== WHAT YOU HAVE TO DO ==
Exactly the lines below, starting with the one containing "Temple Beth Torah" and going on through the one containing "Library Orientation for", must be reproduced, both ends included, and no pictures with them.

==== STUDY MATERIAL

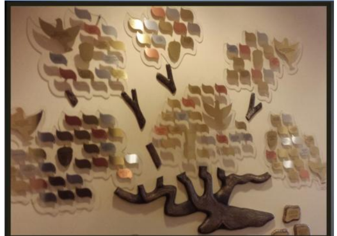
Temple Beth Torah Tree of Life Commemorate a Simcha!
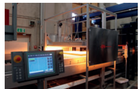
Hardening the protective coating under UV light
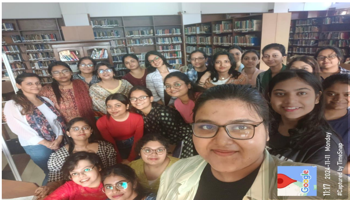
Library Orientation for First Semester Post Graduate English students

========
==== STUDY MATERIAL

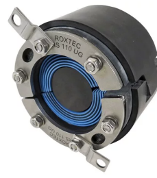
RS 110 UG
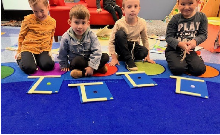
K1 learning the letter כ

========

== PROBLEM SOLUTION ==
Temple Beth Torah Tree of Life Commemorate a Simcha!
Hardening the protective coating under UV light
Library Orientation for First Semester Post Graduate English students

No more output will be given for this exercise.